CERT stands for the Citizens Emergency Response Team, which is organized under the auspices of the Sammamish Citizens Corp.
CERT Info Hubs were set up in front of Trader Joes in the Sammamish Highlands shopping center and in the parking lots at the Pine Lake and Klahanie shopping centers. The hubs serve as information centers for residents affected by emergencies.
Sammamish came late to participating in Cascadia Rising, and the level of participation was top-level, at best. Former City Manager Ben Yazici didn’t place a high priority on disaster planning.

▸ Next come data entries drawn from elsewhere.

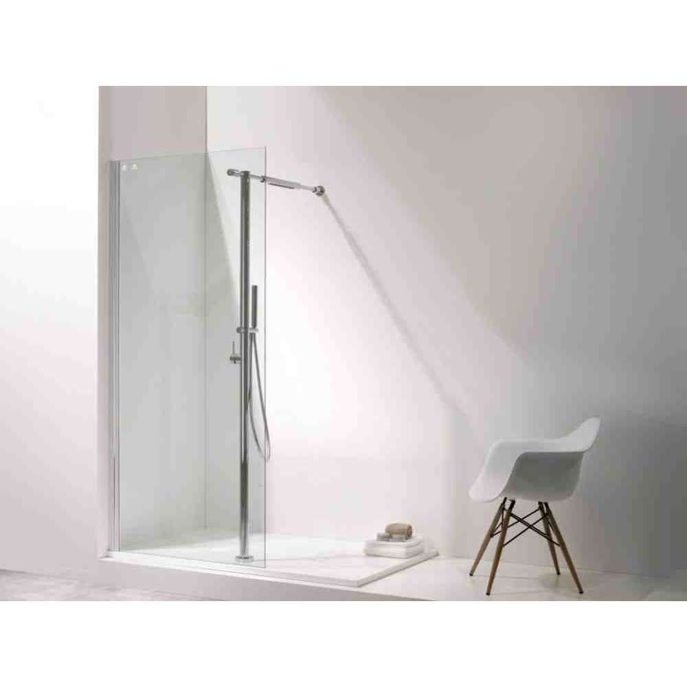 NEW AQUA została zaprojektowana jako kompletna kabina prysznicowa wyposażona w nowoczesny design składający się z brodzika z żywicy, ekranu z przezroczystego szkła hartowanego i prostej kolumny prysznicowej z główką prysznicową i kierunkową deszczownicą, zintegrowaną z tensorem.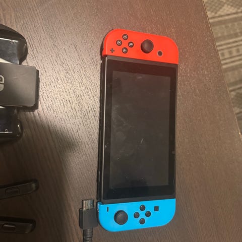 Nintendo Switch spillekonsol med tilhørende Joy-Con controllere i blå og rød farve. Inkluderer dock til tilslutning til TV, oplader og tilbehør såsom håndledsremme og kontrollerholder. Konsollen kan bruges til både håndholdt spil og tilslutning til større skærm via dock.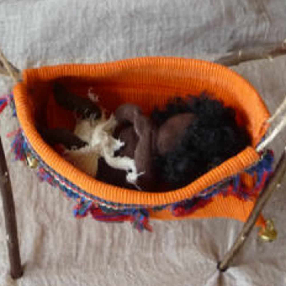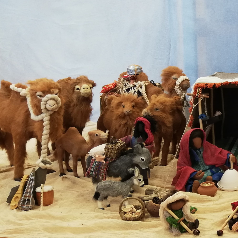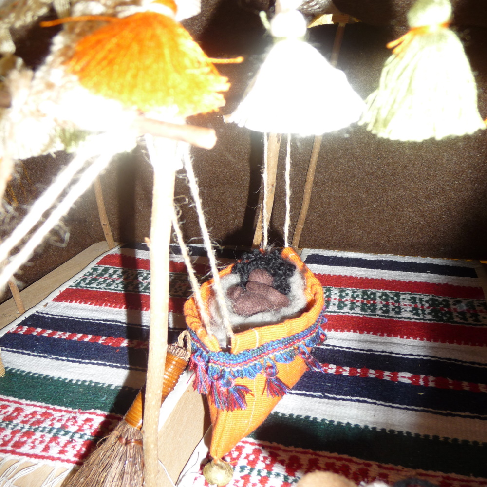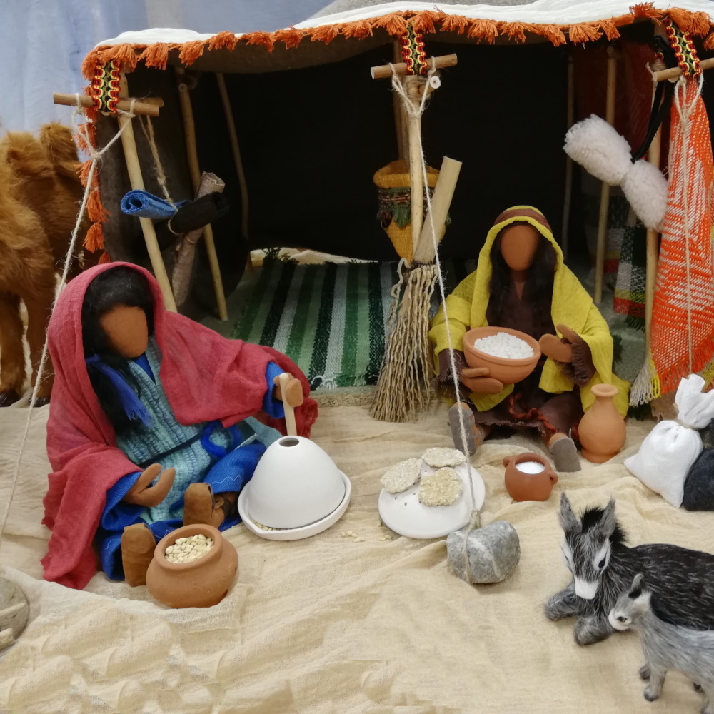In aufwändiger Detailverliebtheit stellen wir Abrahams Nomadenzelt in unserem Atelier her. Es ist der Miniaturnachbau eines originalen Wüstenzeltes, genau abgestimmt auf 30 cm Erzählfiguren. Es ist einfach wunderschön und fasziniert Kinder wie Erwachsene gleichermaßen.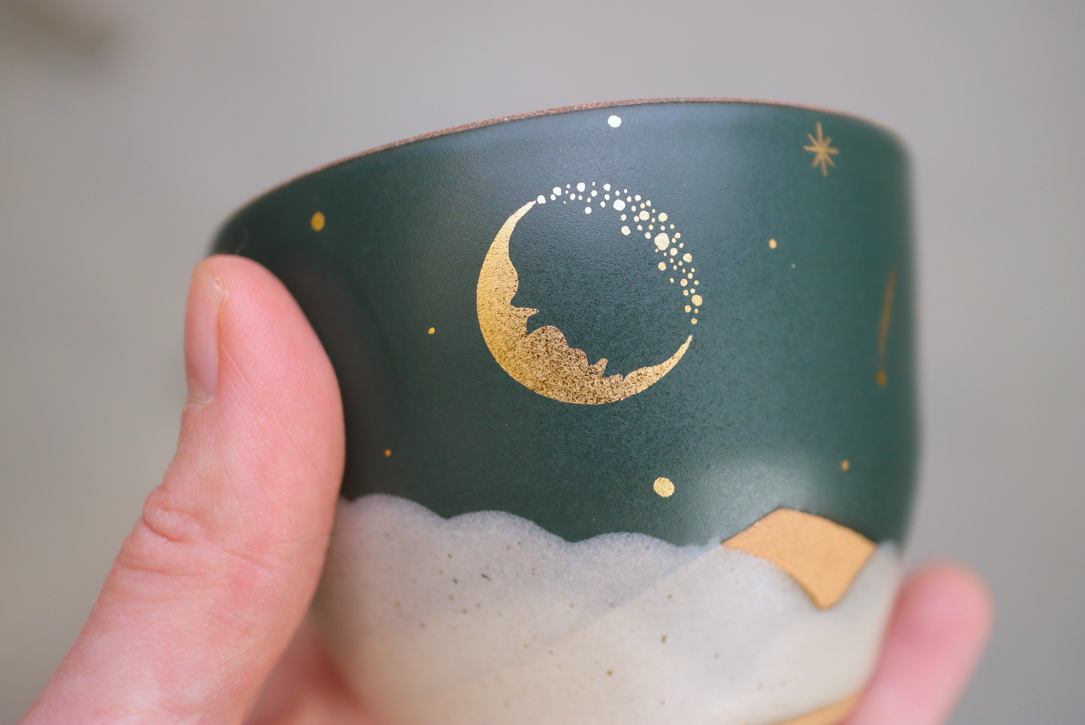 6 oz Peacock Cappuccino Cup with Hand Painted 22k Gold Lustre Crescent Moon with Moonshadow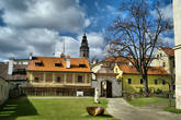 По правую руку возвышается башня бывшего костёла Святого Йошта. Почему бывшего? А потому что костёл, построенный в начале XIV века Петром Рожберком при тогдашней больнице и приюте для бедных во времена реформ, проводимых австрийским императором Иосифом II был секуляризирован, т.е., конфискован у церкви и продан крумловскому горожанину с одним условием — сохранить башню костёла. Это условие, как мы видим, было выполнено.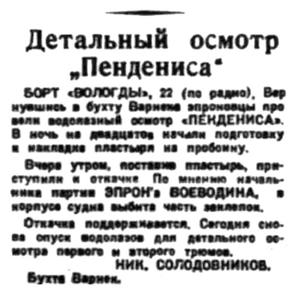 БОРТ "ВОЛОГДЫ", 22 (по радио). Вернувшись в бухту Варнека эпроновцы провели водолазный осмотр "ПЕНДЕНИСА". В ночь на двадцатое начали подготовку к накладке пластыря на пробоину.

Howard, who succeeded Yazici upon his retirement in February, didn’t have a lot of time or resources to elevate Sammamish’s participation.
“I think we have a lot of potential to change,” Howard told The Comment last week.
The City Council’s public safety committee yesterday received a briefing from a consultant hired by Howard to assess Sammamish’s needs for disaster planning. A number of shortcomings were identified, not the least of which is that there hasn’t been a disaster plan approved by the State since 2001, before 9/11. Updates in 2012 and 2016 were never submitted to the State for approval, as required by law, the consultant said.
Council members Christie Malchow and Tom Hornish, members of the public safety committee, told Deputy City Manager Jessi Bon that developing new disaster planning in compliance with State and Federal laws and hiring a full-time emergency planning manager needs to take top priority. Authorization for a new staff position should not wait until the new budget process is complete in November, they said.
There are three earthquake fault lines that enter the Southern end of Sammamish from the West. The Seattle fault, which runs roughly through the 7-11 into Pine Lake, is considered one of the most prospectively dangerous.